Skip to content

Working with data in files

Objective

The objective of this exercise is to teach you how to provide files as input to your job, and get output as files back from your job.

Data Movement

So far, we've done really simple examples where the entire input to the program is just on the command-line. What do you do if you have data files to deal with? Let's walk through a short example.

First, let's make a program, call it analyze.sh that analyzes a text file that it is provided on the command-line.

#!/bin/sh

if [ $# -ne 1 ]; then
    echo "Usage: analyze.sh <filename>"
    exit 1
fi

echo "About to do a deep analysis of $1..."
echo "First, we convert it to all upper case (see $1.upper)"
tr "[:lower:]" "[:upper:]" < $1 > $1.upper

echo "Next, we find the 10 most common words (see $1.10)"
cat $1 | tr "[:upper:]" "[:lower:]" | tr -cs "[:alpha:]" "\n" | sort | uniq -c | sort --key=1,7 -n -r  | head -10 > $1.10

sleep 5

You also need a file to analyze. Put the following text into a file called gettysburg.

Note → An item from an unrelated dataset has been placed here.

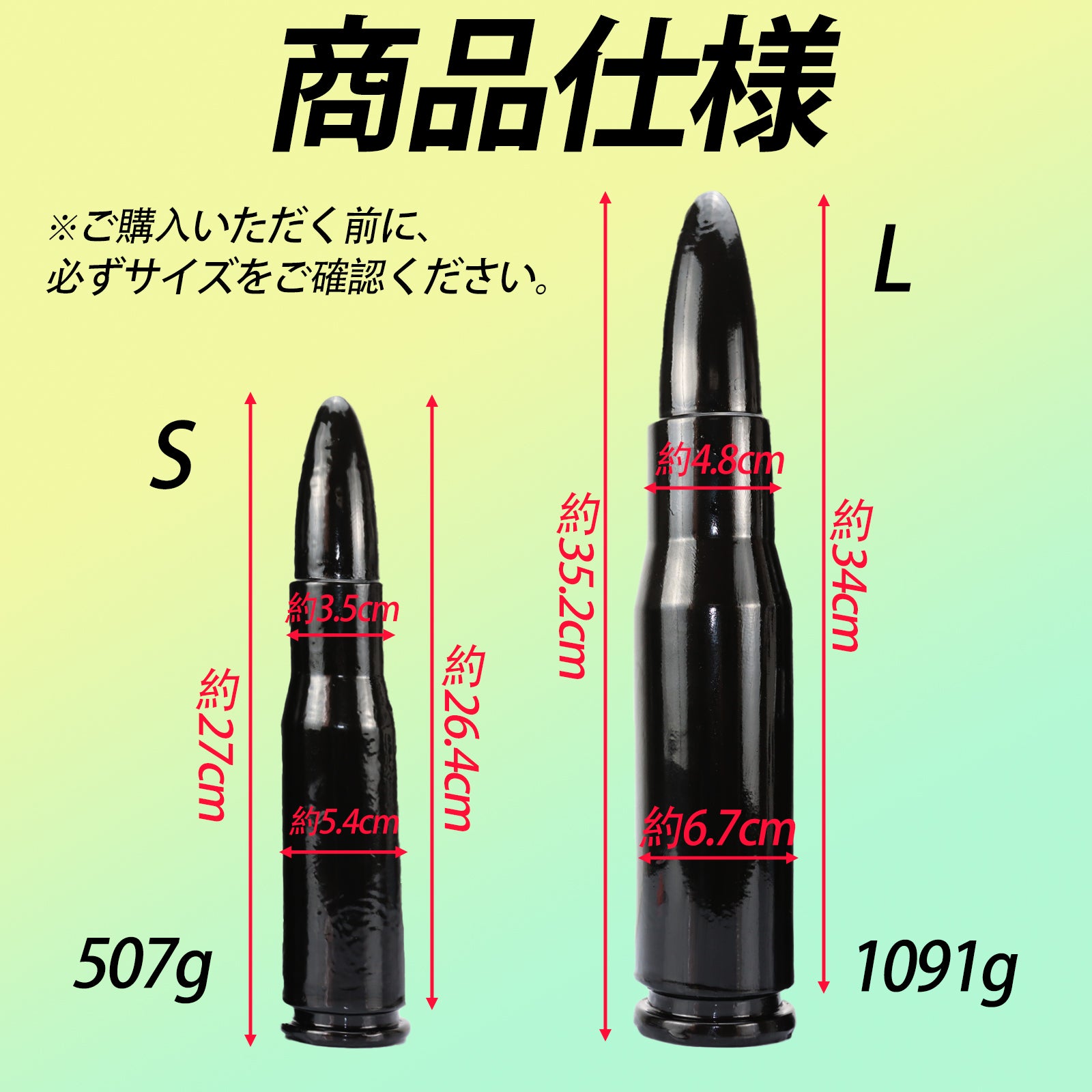 商品仕様:S:先端直径は約3.5cm、最大直径は約5.4cmで、可挿入長さは約26.4cm、全長は約27cmです。重さは約507gです。L:先端直径は約4.8cm、最大直径は約6.7cmで、可挿入長さは約34cm、全長は約35.2cmです。重さは約1091gです。※ご購入いただく前に、必ずサイズをご確認ください。

Four score and seven years ago our fathers brought forth on this
continent, a new nation, conceived in Liberty, and dedicated to the
proposition that all men are created equal.

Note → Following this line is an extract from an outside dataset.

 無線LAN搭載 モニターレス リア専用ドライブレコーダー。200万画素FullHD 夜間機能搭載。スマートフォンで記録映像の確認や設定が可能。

Now we are engaged in a great civil war, testing whether that nation,
or any nation so conceived and so dedicated, can long endure. We are
met on a great battle-field of that war. We have come to dedicate a
portion of that field, as a final resting place for those who here
gave their lives that that nation might live. It is altogether fitting
and proper that we should do this.

But, in a larger sense, we can not dedicate -- we can not consecrate
-- we can not hallow -- this ground. The brave men, living and dead,
who struggled here, have consecrated it, far above our poor power to
add or detract. The world will little note, nor long remember what we
say here, but it can never forget what they did here. It is for us the
living, rather, to be dedicated here to the unfinished work which they
who fought here have thus far so nobly advanced. It is rather for us
to be here dedicated to the great task remaining before us -- that
from these honored dead we take increased devotion to that cause for
which they gave the last full measure of devotion -- that we here
highly resolve that these dead shall not have died in vain -- that
this nation, under God, shall have a new birth of freedom -- and that
government of the people, by the people, for the people, shall not
perish from the earth.

Our submit file looks nearly identical to what we had before, except for the one line that specifies the data file to transfer. Put the following text into a file called submit.speech.

Universe        = vanilla
Executable      = analyze.sh
Output          = analyze.out
Error           = analyze.error
Log             = analyze.log
Arguments       = gettysburg
ShouldTransferFiles = Yes
WhenToTransferOutput = ON_EXIT
transfer_input_files = gettysburg
queue 

Notice that you just had to specify the input files and not the output files. Condor will automatically transfer back any new files, so you don't have to worry about it. Nifty, huh?

Now run the job.

$ condor_submit submit.speech
Submitting job(s).
1 job(s) submitted to cluster 37.

$ ls -lh gettys*
-rw-rw-r--. 1 kagross kagross 1.5K Aug 18 15:41 gettysburg
-rw-r--r--. 1 kagross kagross  120 Aug 18 15:42 gettysburg.10
-rw-r--r--. 1 kagross kagross 1.5K Aug 18 15:42 gettysburg.upper

You got your files! Check them out--do they look okay?

On your own

Create several text files, then submit jobs (preferably from a single submit file) to analyze each of them. If you're at a loss to create some text files, here are a few for you.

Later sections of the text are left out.